Banana Massacre

Banana Massacre
Leaders of the banana plantations workers' strike. From left to right: Pedro M. del Río, Bernardino Guerrero, Raúl Eduardo Mahecha, Nicanor Serrano and Erasmo Coronell. Guerrero and Coronel were killed by the Colombian army.

The Banana Massacre (Spanish: Matanza de las bananeras or Spanish: Masacre de las bananeras[1]) was a massacre of as many as 3000 United Fruit Company workers that occurred between December 5 and 6, 1928 in the town of Ciénaga near Santa Marta, Colombia. The strike began on November 12, 1928, when the workers ceased to work until the company would reach an agreement with them to grant them dignified working conditions.[2] After several weeks with no agreement and no work, costing the company severe financial losses, the conservative government of Miguel Abadía Méndez sent the army in against the strikers, resulting in the massacre.

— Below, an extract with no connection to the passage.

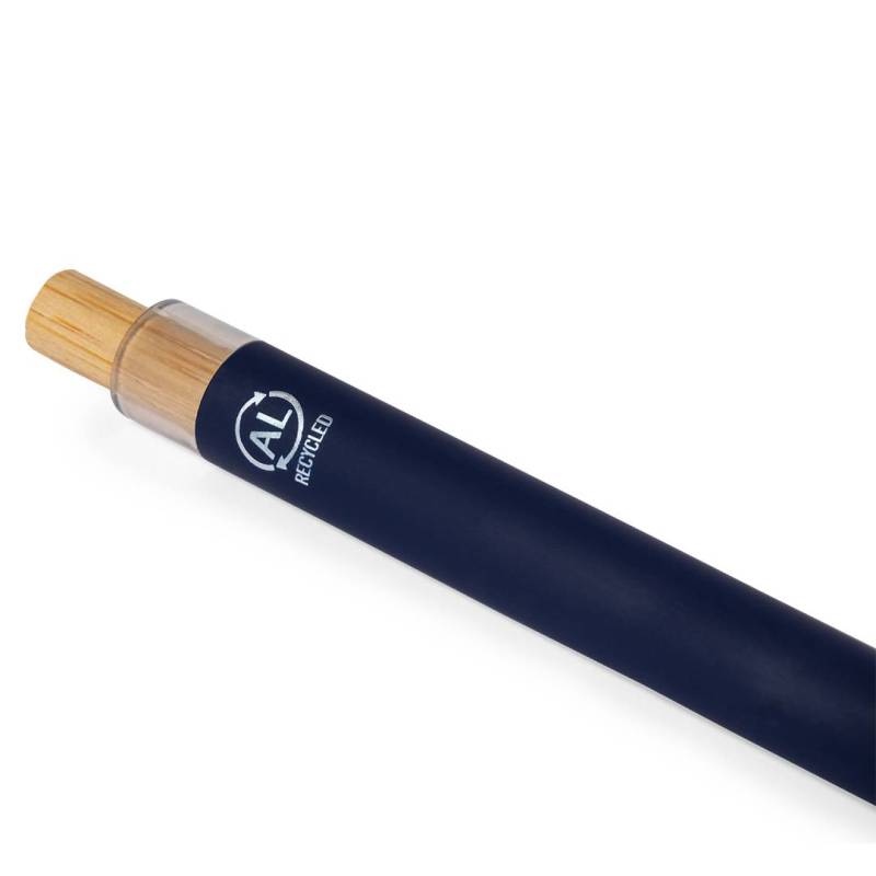 Ver más grande Bolígrafo de mecanismo pulsador fabricado en aluminio reciclado. Pulsador en bambú y cuerpo acabado goma, disponible en variada gama de elegantes colores. Clip metálico y distintivo aluminio reciclado en la parte superior del bolígrafo. De cartucho jumbo y en tinta azul. Presentado en bolsa individual reciclada. El aluminio reciclado es un material con posibilidades de reciclaje casi infinitas, sin perder sus propiedades originales y consumiendo menos energía en este proceso. Certificación GRS (Global Recycled Standard / Estándar de Reciclaje Global), que garantiza el origen reciclado del material usado para fabricar el producto.
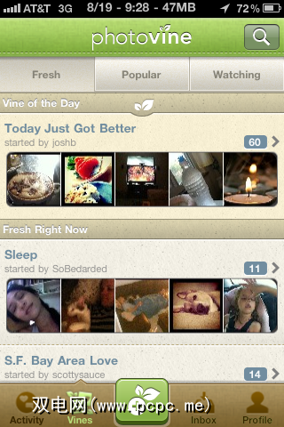 您可以通过单击屏幕底部标有“ Vines"的按钮开始。从那里,您将自动进入“新鲜"葡萄树页面。在屏幕顶部,您可以选择按“新鲜",“受欢迎"和“观看"进行浏览。如果您看到葡萄藤,则喜欢在旅途中旅行,可以将其添加到观察到的葡萄藤中。此外,您将照片上传到的所有Vine都会自动转到您的监视列表。屏幕的右上角还有一个搜索按钮。您可以输入任何您感兴趣的内容,然后查看是否有一个Vine供那些与您有共同兴趣的人使用。

After U.S. officials in Colombia and United Fruit representatives portrayed the workers' strike as "communist" with a "subversive tendency" in telegrams to the U.S. Secretary of State,[3] the United States government threatened to invade with the U.S. Marine Corps if the Colombian government did not act to protect United Fruit’s interests. The Colombian government was also compelled to work for the interests of the company, considering they could cut off trade of Colombian bananas with significant markets such as the United States and Great Britain.[4]

Gabriel García Márquez depicted a fictional version of the massacre in his novel One Hundred Years of Solitude, as did Álvaro Cepeda Samudio in his La Casa Grande. Although García Márquez references the number of dead as around three thousand, the actual number of dead workers is unknown.


The workers of the banana plantations in Colombia went on strike in November 12, 1928. The workers made nine demands from the United Fruit Company:

  1. Stop their practice of hiring through sub-contractors
  2. Mandatory collective insurance
  3. Compensation for work accidents
  4. Hygienic dormitories and 6 day work weeks
  5. Increase in daily pay for workers who earned less than 100 pesos per month
  6. Weekly wage
  7. Abolition of office stores
  8. Abolition of payment through coupons rather than money
  9. Improvement of hospital services [2]

The strike turned into the largest labor movement ever witnessed in the country until then. Radical members of the Liberal Party, as well as members of the Socialist and Communist Parties, participated.[5]

These were not socialist demands. The workers wanted to be recognized as employees, and demanded the implementation of the Colombian legal framework of the 1920s.[6]